A major weakness for NATO, however, is that all Arctic states (and indeed NATO) desire but are challenged to achieve all domain situational awareness ideally with full access to the Arctic. The NATO trend toward domain specific component commanders tends to stove pipe resources, training and exercises. NATO exercises and scenarios have also been traditionally land focused10 which means that maritime, air, space and cyber domains, which are vital for the Arctic, require more attention. Russia is closest to achieving both all domain awareness and access faster than any of the other NATO state and China is reportedly training with all domain awareness fore of mind. Furthermore, the ability to plan, prepare and secure funds for very expensive deterrence infrastructure is proving uneven across NATO, which is related to the political churn and slides to the right and left and, not to mention, the world-wide recession as a result of the global pandemic. Russia and China are expected to exploit this advantage, which raises the possibility of miscalculating intentions because of a lack of situational awareness, over or under reaction to events in the Arctic and a disjointed NATO plan and coordination with North America.

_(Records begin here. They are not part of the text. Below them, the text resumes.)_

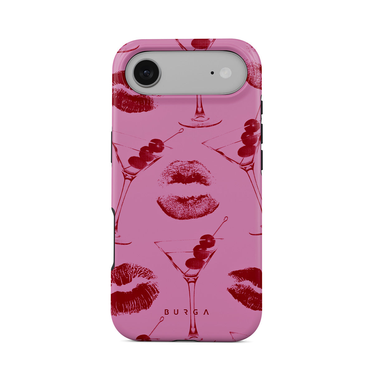 Este diseño presenta: labios rojos, besos, copas de cóctel, martinis.
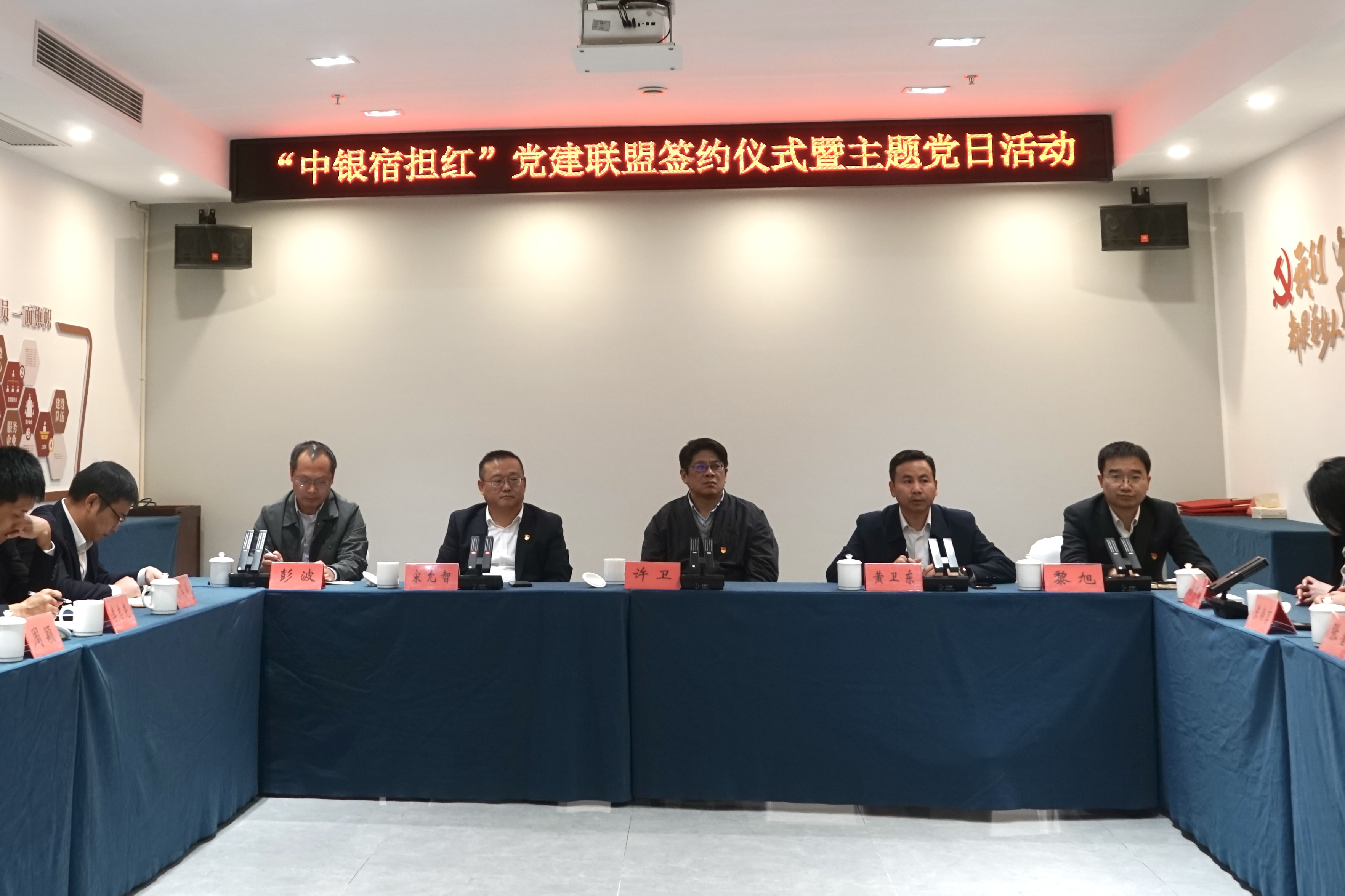 為進(jìn)一步深化銀擔(dān)合作,建立長期、穩(wěn)定、快速的合作交流機(jī)制,促進(jìn)黨建與業(yè)務(wù)深度融合,助推地區(qū)經(jīng)濟(jì)蓬勃發(fā)展。10月21日下午,宿遷分公司黨支部、中國銀行宿遷分行普惠金融事業(yè)部黨支部、泗洪縣盛達(dá)融資擔(dān)保集團(tuán)有限公司黨支部三方舉行“中銀宿擔(dān)紅”黨建聯(lián)盟簽約儀式。中共江蘇省委黨校投融資教研室主任許衛(wèi)、宿遷市政府辦金融法規(guī)處處長黃衛(wèi)東、泗洪縣黨史委副主任彭波參會指導(dǎo)。
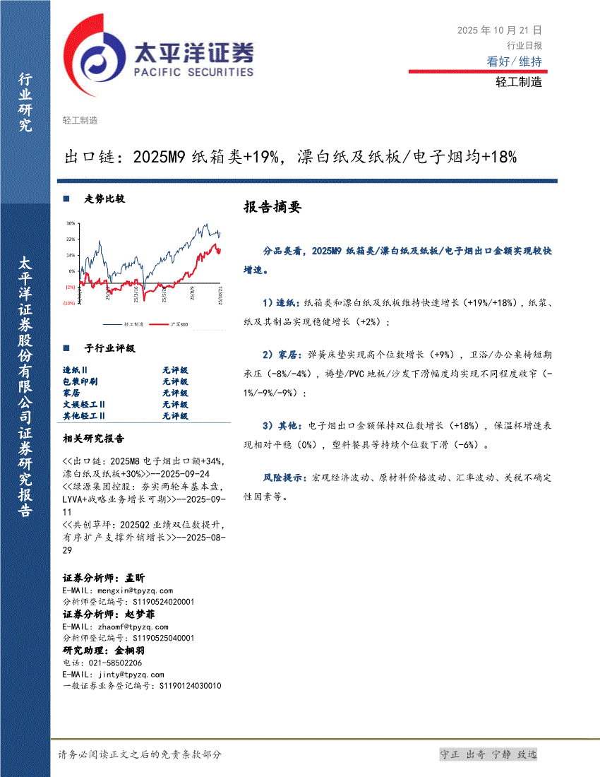 轻工制造行业:太平洋证券-轻工制造行业日报:出口链,2025M9纸箱类+19%,漂白纸及纸板/电子烟均+18%-251021
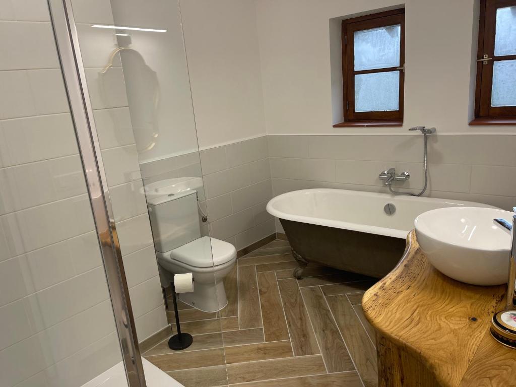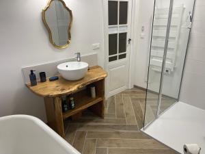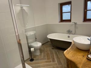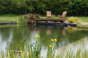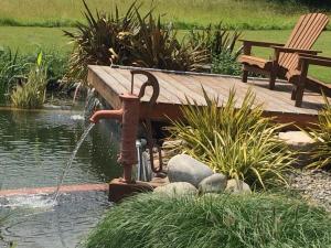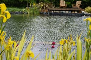 The spacious holiday home with a terrace and lake views has 2 bedrooms, a living room, a flat-screen TV, an equipped kitchen with a dishwasher and an oven, and 2 bathrooms with a walk-in shower. Towels and bed linen are offered in the holiday home. There is also a seating area and a fireplace.
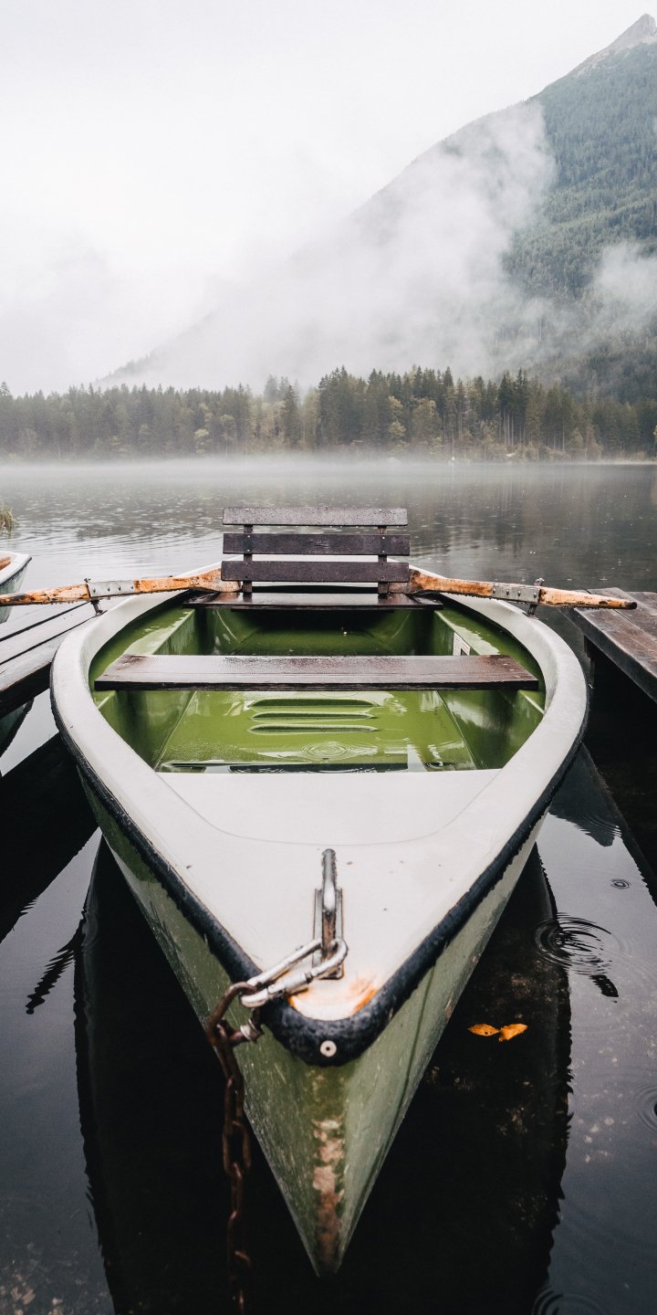 Wallpaper: boat, lake, fog, mountains - 720x1440
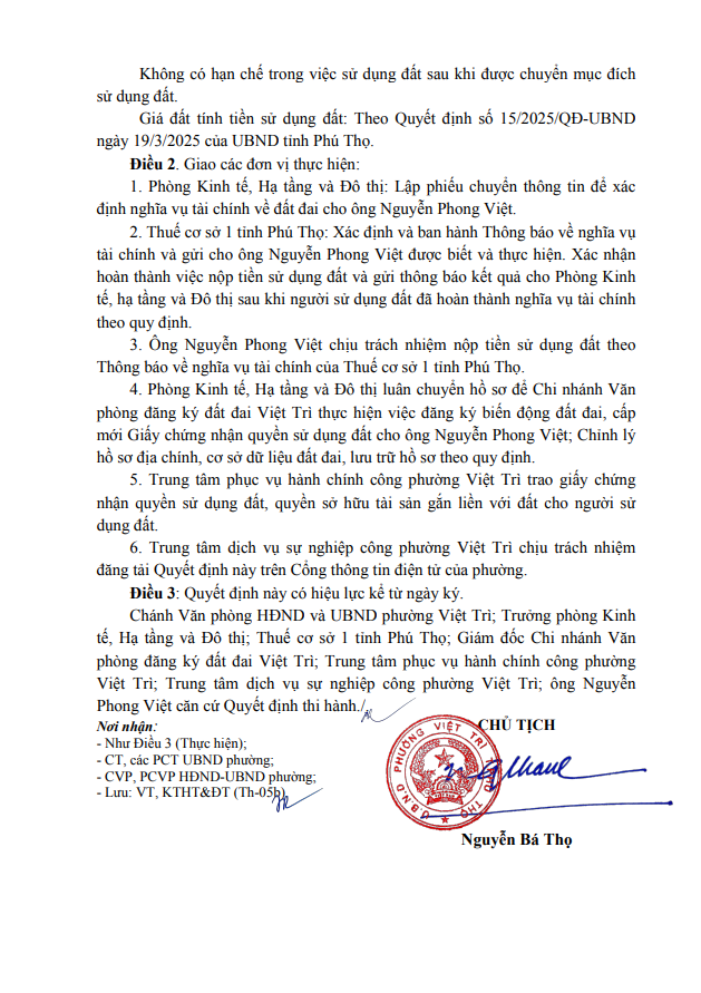 Quyết định về việc cho phép chuyển mục đích sử dụng đất
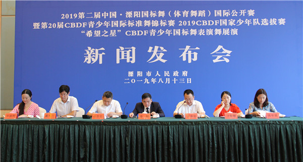 发布时间:2019年8月13日上午10:00 发布地点:天目湖豪生大酒店溧阳B厅 发布主题:2019第二届中国·溧阳国标舞(体育舞蹈)国际公开赛暨第20届CBDF青少年国标舞锦标赛新闻发布会 发布人员:陆 刚 中国国际标准舞总会秘书长助理、办公室主任 王泽宗 溧阳市人民政府副市长 沈黎敏 溧阳市委宣传部副部长 戴九二 溧阳市文体广电和旅游局副局长
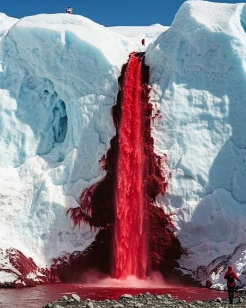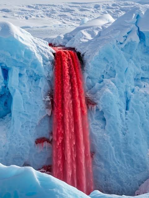 The vibrant red is caused by iron-rich brine from a subglacial lake that oxidizes upon contact with oxygen, creating iron oxides. The lake has been isolated for millions of years, trapped under about 400 meters of ice.
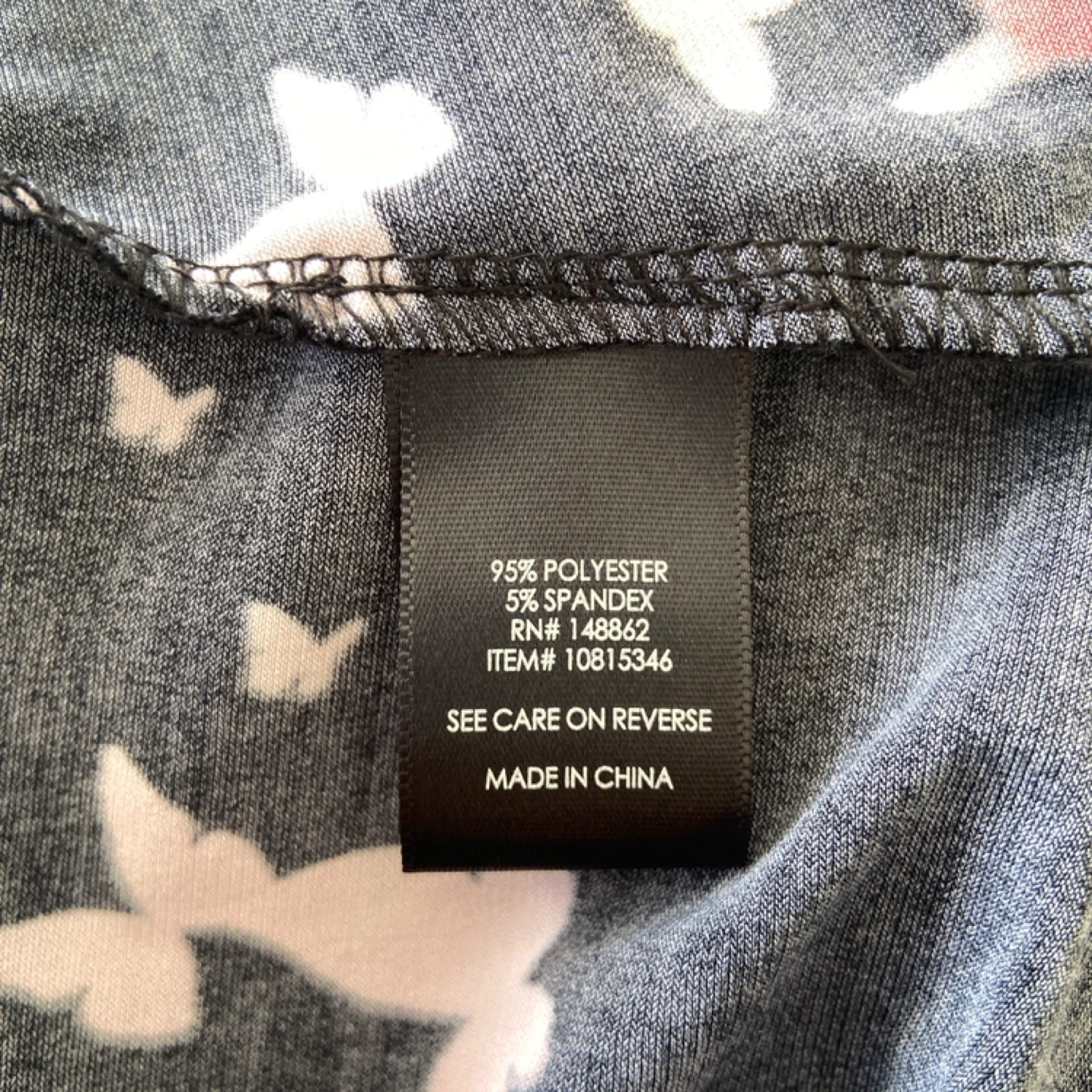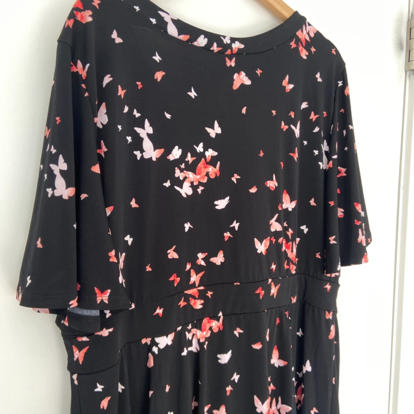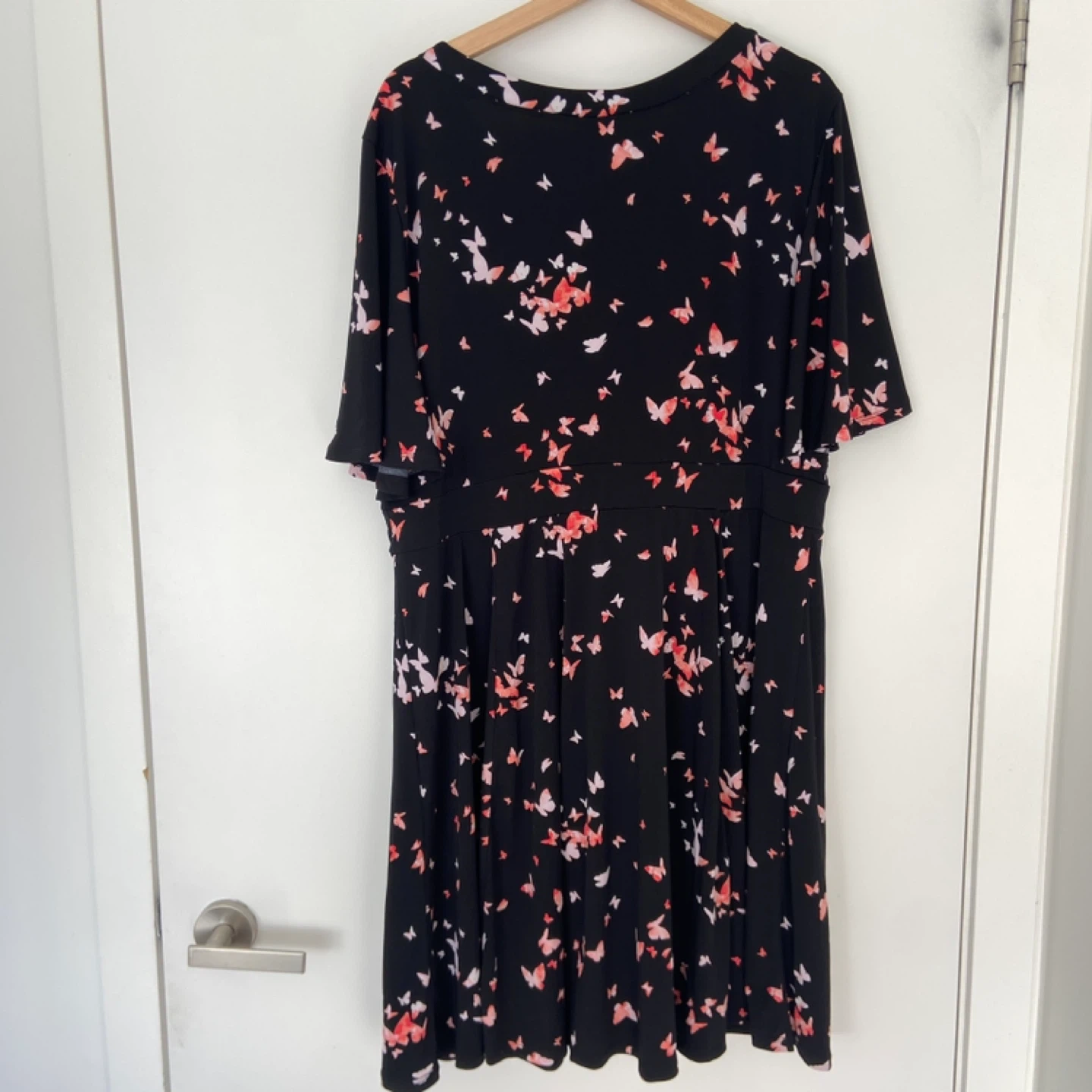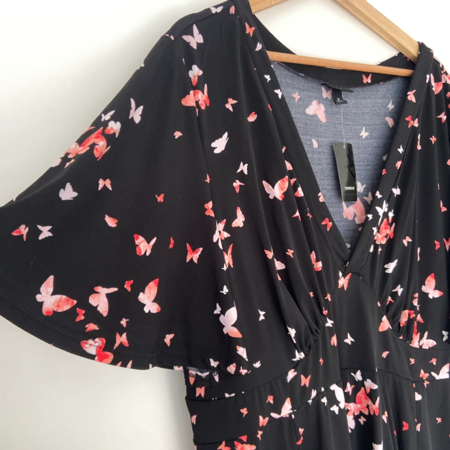 This Torrid dress has a black base with a charming all-over butterfly print in shades of pink and white. It features flutter sleeves and a flattering V-neckline. Perfect for adding a touch of whimsy to your wardrobe!

The future for NATO and the Arctic is fraught with potential fault lines both within and between NATO and non-NATO countries and Arctic and non-Arctic states that could undermine the cooperation forged to date in the Arctic. Cooperation has been a function of a governance structure orchestrated by particular actors, especially the coastal states, but there are signs that non- Arctic states seek more input and decision-making rights. The Arctic remains a vital strategic region for Euro-Atlantic security. Now is the time for NATO to consider its approach to the region while tensions still remain low.